2.4.4. Selectivity and Robustness
Selectivity of the method was evaluated by reading samples containing A. judaica oil and others containing thymol after substituting the saturated carbon dioxide solution with water free of carbon dioxide. On the other hand, robustness was evaluated by measuring the response of carbon dioxide signal of stock solution of carbon dioxide kept at 25°C. And then it was changed deliberately within a deviation of ±2°C to study the effect of a slight temperature variation on the carbon dioxide signal. After each IR scan of solutions, droplets were left for 30 min to study the effect of time on the carbon dioxide content.
2.5. Evaluation of Surface Activity of A. judaica Oil on D2 O/CDCl3 Interface by 1 H-NMR Analysis
35 mL of deuterated water (D2 O contains 0.1% H2 O) was added to 0.6 mL deuterated chloroform (CDCl3 , 1% TMS) containing 10 mg of A. judaica oil. 1 H-NMR was scanned from the chloroform layer. Solubilized content of water in chloroform layer due to surface activity of the essential oil was measured by integration of H2 O signal at chemical shift of 4.8 ppm and TMS signal at zero points. The result was compared with blank solution prepared with the same manner without use of A. judaica oil. The obtained percentage of water in chloroform layer was compared with triplicate results of titration by Karl Fischer reagent using absolute methanol as a solvent.
3. Results and Discussion
3.1. Evaluation of Degassing Effect of A. judaica Oil on CO2 Saturated Solution by FT/ATR-IR Analysis
Carbon dioxide is one of the major gas constituents generated by microflora in the gut lumen [43]. Therefore, the study of antifoaming activity of A. judaica oil against CO2 bubble formation was undertaken. Carbon dioxide has a characteristic IR signal at 2350 cm-1 resulting from asymmetric stretching of carbonyl groups of the molecule (Figure 1) [44]. This peak, predominately, appears in a region that either is usually clear of signals or contains weak peaks [45]. Although the contribution of atmospheric CO2 is trivial relative to the sample CO2 , background spectrum was subtracted from each sample.
IR and its first derivative analysis for blank CO2 solution (a), CO2 solution treated with paraffin/methanol as negative control (b), CO2 solution treated with A. judaica oil/methanol as tested solution (c), and CO2 solution treated with thymol/methanol as positive control (d).
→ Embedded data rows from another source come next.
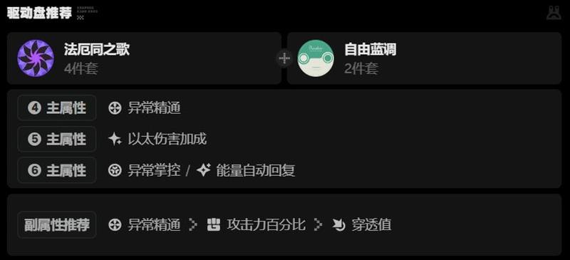 在驱动盘方面,推荐使用法厄同之歌四件套,它能提供较高的异常精通属性,还能补充缺少的以太增伤区。二件套则可选择自由蓝调或混沌爵士,进一步提升异常精通面板,最大化核心技的收益。音擎方面,飞鸟星梦是首选,双生泣星也是不错的锻造音擎,满精的触电唇彩也可以考虑佩戴。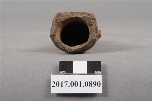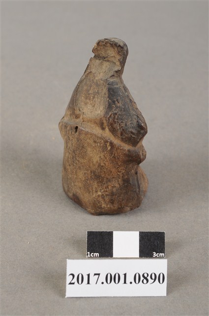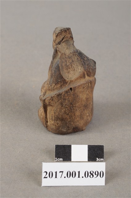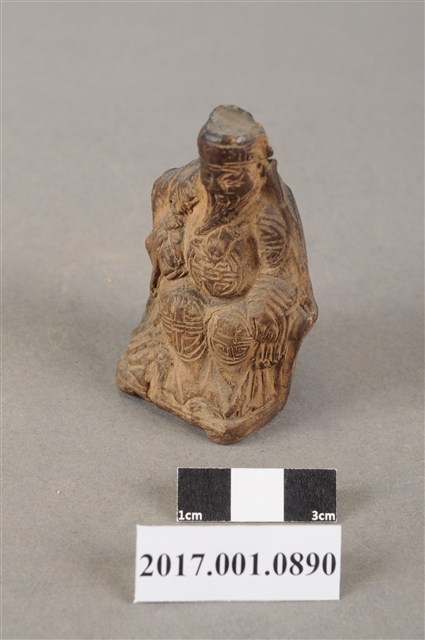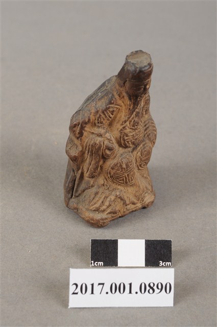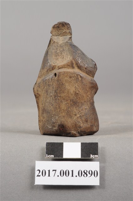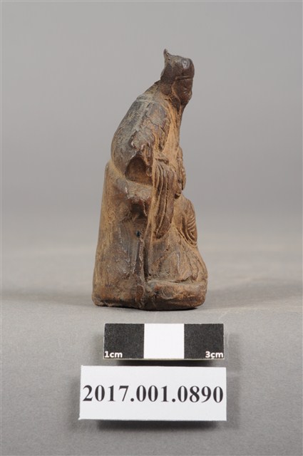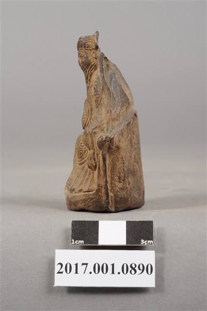 1.本件福德正神像為磚燒,顏色黝黑。神像造型嬌小古樸。福德正神頭戴方巾,偏頭微笑,臉頰飽滿,笑容可掬,神態和藹可親,五官雕刻十分精細生動,並蓄有及腹長髯。福德正神身穿壽字長袍,雙膝、雙肩與腹部都有團壽紋飾,側坐於圈背椅上,長袍衣褶生動流暢,右手持如意,左手放於左膝上,雕工精細。神像底部中空,是為避免磚燒過程爆裂。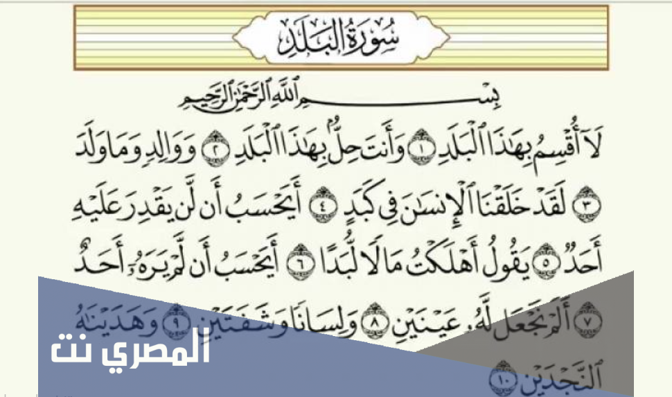 - وإذا رأى الإنسان أنه يقرأ سورة البلد في المنام وهو يعاني من هموم.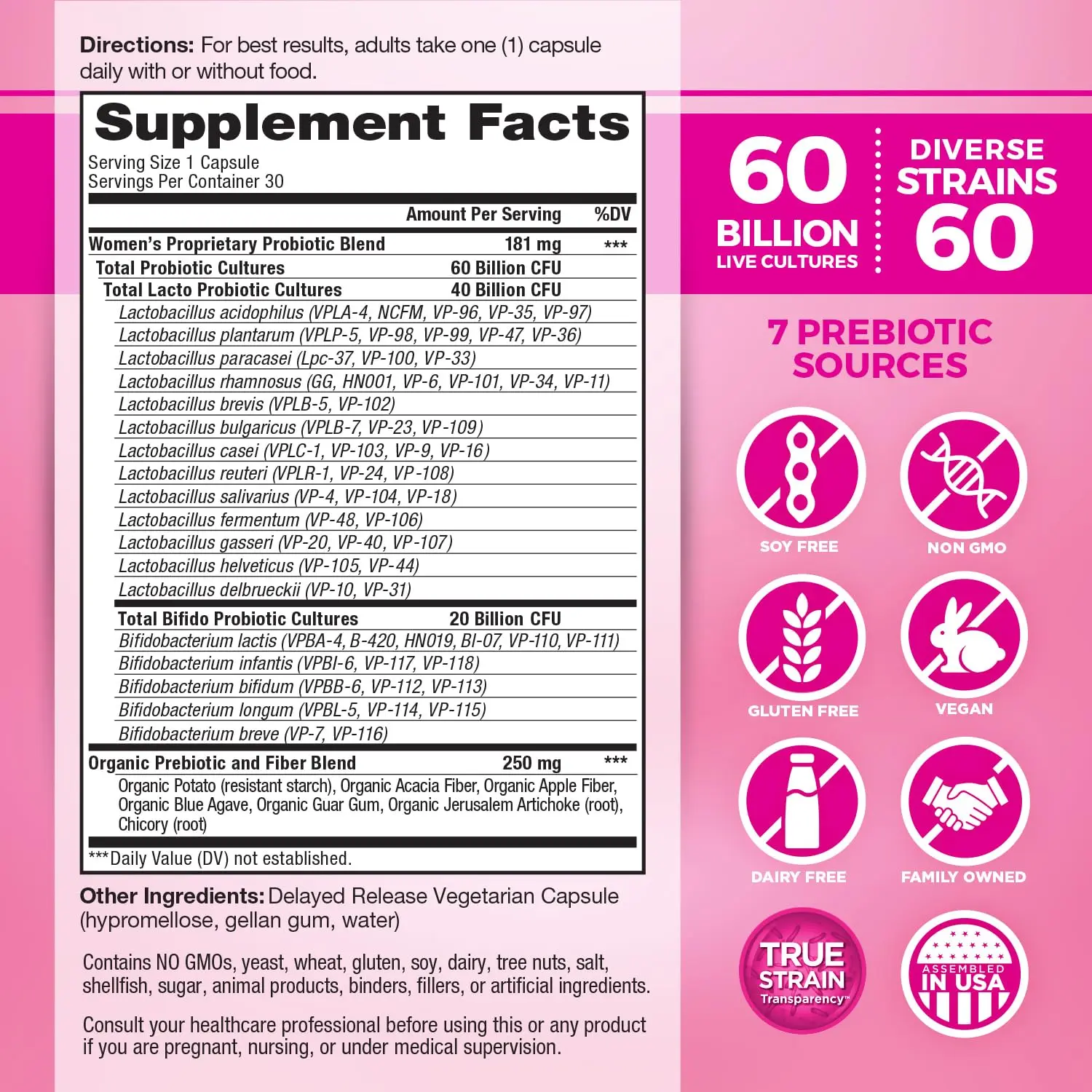 ·Expertly formulated with a highly-diverse blend of beneficial, clinically-studied Bifido & Lacto strains with more Lacto for a woman's special needs*

A. judaica reduces the altitude of first derivative signal of CO2 stretching showing almost the absorbance of equal amount of thymol.
(a) [figure omitted; refer to PDF]
(b) [figure omitted; refer to PDF]
(c) [figure omitted; refer to PDF]
(d) [figure omitted; refer to PDF]
Since baseline drift and interference with carbonyl stretching signal limit IR suitability for quantitative analysis, the first derivative of the spectra was employed. Mathematical derivatization minimizes the baseline drift and anomaly of the spectrum [46-48]. And also it enhances the selectivity of the analysis due to the improvement of the peak shape and resolution [46]. The absorbance of the first derivative signal, corresponding to carbonyl stretching, was attributed to CO2 content in the solution. The blank sample depicted an absorbance of 0.22 absorbance units for the characteristic signal of CO2 stretching (Figure 1(a)). Paraffin oil, which lacks hydrophilic-lipophilic balance and, consequently, depicts very weak antifoaming activity, was chosen as a negative control. However, it was necessary to add cosolvent such as methanol to dissolve paraffin oil in aqueous solution of CO2 . As shown in Figure 1(b), 50% reduction of the absorbance was observed. The observed reduction is equivalent to methanol standard rather than paraffin oil in the sample (data not shown). Interestingly, CO2 content in the sample treated with A. judaica essential oil was dramatically reduced to less than 5% relative to the blank sample (Figure 1(c)), representing a strong antifoaming activity of the essential oil. The CO2 content in oil-treated sample is quite low and almost identical to CO2 content in a solution containing thymol standard (Figure 1(d)). Because of its phenolic group, which provides substantial balance between hydrophilicity and lipophilicity, thymol has a strong surface activity in comparison with other essential oils [23, 24].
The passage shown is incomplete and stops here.